How long do MREs last? This is a question that many people have, and it’s a valid one. After all, MREs (or Meals, Ready to Eat) are not your average food item. They are designed for military use, so how long they last in civilian life is an important question.
In this guide, we will answer that question and more. We’ll discuss what MREs are, how long they last, how to tell if an MRE has expired, and more!
What are MREs?
To put it simply, an MRE is a ready-to-eat meal. The U.S. Department of Defense provides its service personnel with a lightweight, portable meal self-contained, shelf-stable, and rationed for use in the field.
MREs are a lifesaver in situations when ordinary food is unavailable, such as on the battlefield. Even though it was designed for the military, it may be distributed to the general public in the event of a catastrophe.
MREs are gaining favor as disaster supplies. These are supplied in lightweight, sealed containers designed for military usage that can withstand hard drops and other impacts. When stored properly, these ready-to-eat meals may last for months. T
hey are great to have on hand in the event of a natural disaster or other catastrophes or to keep in the trunk of your car in case of a breakdown on the highway. Since MREs don’t go bad if they’re not kept cold, stocking up on them in large quantities is a brilliant idea.
How long do MREs last?
Although MREs are designed to withstand harsh environments, they are not indestructible. An accidental rip might make one of the packets inedible, despite how simple they are to open. Most importantly, the shelf life of an MRE depends heavily on the temperature at which it is stored.
An MRE has a five-year shelf life at 75 degrees Fahrenheit. Also, during this period, the military rotates and replenishes its MRE supply. This, however, is only true provided the storage temperature is maintained at 75 degrees Fahrenheit at all times during the five years.
The shelf life of an MRE decreases with increased temperature, whereas it may be prolonged by storing it at a lower temperature. Some MREs have a shelf life of up to 10 years if maintained in a continuously cooler environment, while others won’t survive more than a month if stored at 120 degrees Fahrenheit.
There are charts available that estimate how long an MRE will survive at specific temperatures. Watch out for old schematics that don’t reflect the standards used to make MREs nowadays.
Remember that an MRE discovered in storage circumstances of 75° F will not be valid for five years if it was previously stored in conditions closer to 90° F.
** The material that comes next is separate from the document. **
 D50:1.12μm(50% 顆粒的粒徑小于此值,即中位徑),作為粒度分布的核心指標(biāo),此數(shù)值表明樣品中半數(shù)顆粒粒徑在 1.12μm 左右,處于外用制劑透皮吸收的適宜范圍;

Red “Expired” stamp on the date of manufacture.
Unlike other packaged foods, MREs do not have a printed expiry date. Since the shelf life of MREs varies depending on the storage temperature, the production date is printed on the packaging instead.
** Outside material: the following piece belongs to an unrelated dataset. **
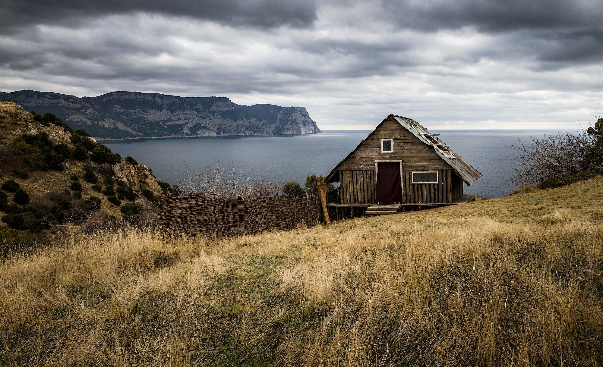 Крым, пейзаж, море, облака, небо, берег, горы, трава, осень, тучи, , Владимир Яковлев

A day-month-year format would determine whether your MRE is still valid, but this is not the case. A thorough search of your bag may reveal many distinct symbols and digits. Not helping matters is the fact that the manufacturing date might be located in various places.
The lot number is one of the possible codes, but it isn’t the one you’re looking for. Instead, a four-digit PIN is required. There may be a letter after the expiry date on certain MREs, although this is less important.
The manufacturer code comprises two distinct pieces despite appearing as a single number.
If you make several MRE purchases, it is essential to keep track of the years you made those purchases. Otherwise, you may be confused about which goods are still usable and which have passed their expiration date.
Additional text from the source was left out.